##### PROVIDED ENTRIES #####

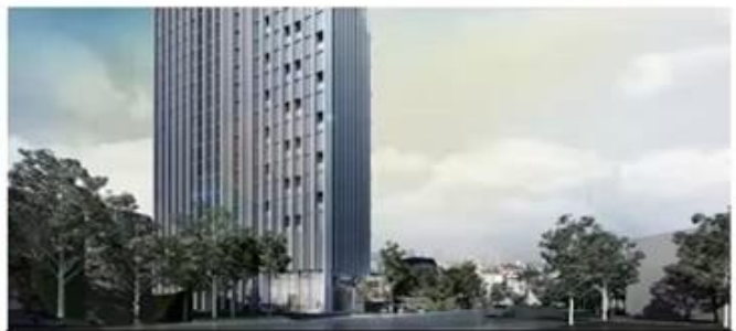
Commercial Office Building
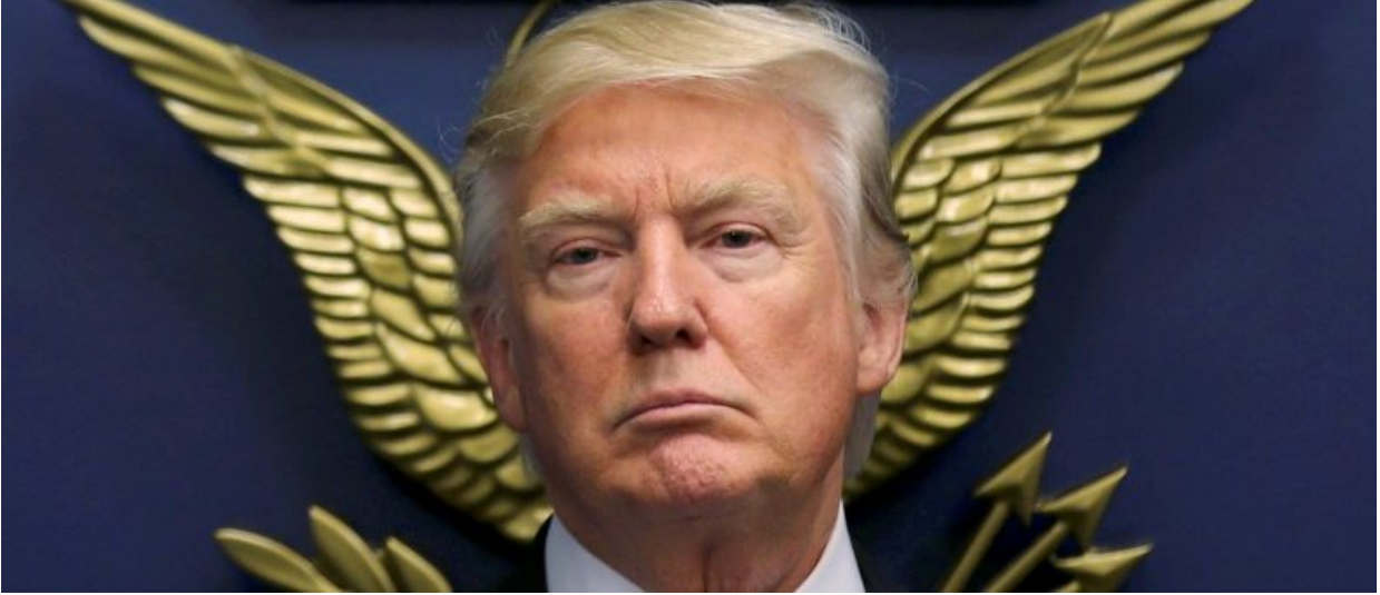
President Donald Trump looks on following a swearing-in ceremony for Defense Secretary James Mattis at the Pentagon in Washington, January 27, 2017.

#####
##### PROVIDED ENTRIES #####

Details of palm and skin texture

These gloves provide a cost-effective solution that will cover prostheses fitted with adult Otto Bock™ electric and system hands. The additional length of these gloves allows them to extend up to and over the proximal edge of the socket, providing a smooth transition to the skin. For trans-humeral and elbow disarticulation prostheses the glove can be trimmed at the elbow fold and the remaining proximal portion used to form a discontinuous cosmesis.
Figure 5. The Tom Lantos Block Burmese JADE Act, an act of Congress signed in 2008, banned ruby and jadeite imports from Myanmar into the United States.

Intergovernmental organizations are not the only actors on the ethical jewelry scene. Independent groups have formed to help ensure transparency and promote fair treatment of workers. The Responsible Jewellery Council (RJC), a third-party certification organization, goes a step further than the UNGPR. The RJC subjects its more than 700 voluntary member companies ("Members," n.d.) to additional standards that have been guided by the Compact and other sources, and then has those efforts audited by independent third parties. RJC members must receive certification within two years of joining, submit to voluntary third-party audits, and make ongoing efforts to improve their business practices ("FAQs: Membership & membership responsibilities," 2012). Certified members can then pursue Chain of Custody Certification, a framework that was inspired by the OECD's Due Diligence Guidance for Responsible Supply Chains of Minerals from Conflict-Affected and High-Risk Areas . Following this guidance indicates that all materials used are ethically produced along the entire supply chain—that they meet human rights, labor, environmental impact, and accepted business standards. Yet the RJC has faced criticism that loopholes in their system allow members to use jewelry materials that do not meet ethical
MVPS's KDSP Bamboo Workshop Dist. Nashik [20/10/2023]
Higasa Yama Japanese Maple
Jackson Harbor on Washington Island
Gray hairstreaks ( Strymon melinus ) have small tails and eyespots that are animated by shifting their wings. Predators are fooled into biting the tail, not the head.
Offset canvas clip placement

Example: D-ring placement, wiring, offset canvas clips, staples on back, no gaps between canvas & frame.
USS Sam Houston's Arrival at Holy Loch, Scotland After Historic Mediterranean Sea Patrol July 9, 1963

#####

▶ WORK INSTRUCTION
List every line above that holds the word "canvas".

▶ OUTPUT FOR THIS EXERCISE
Offset canvas clip placement
Example: D-ring placement, wiring, offset canvas clips, staples on back, no gaps between canvas & frame.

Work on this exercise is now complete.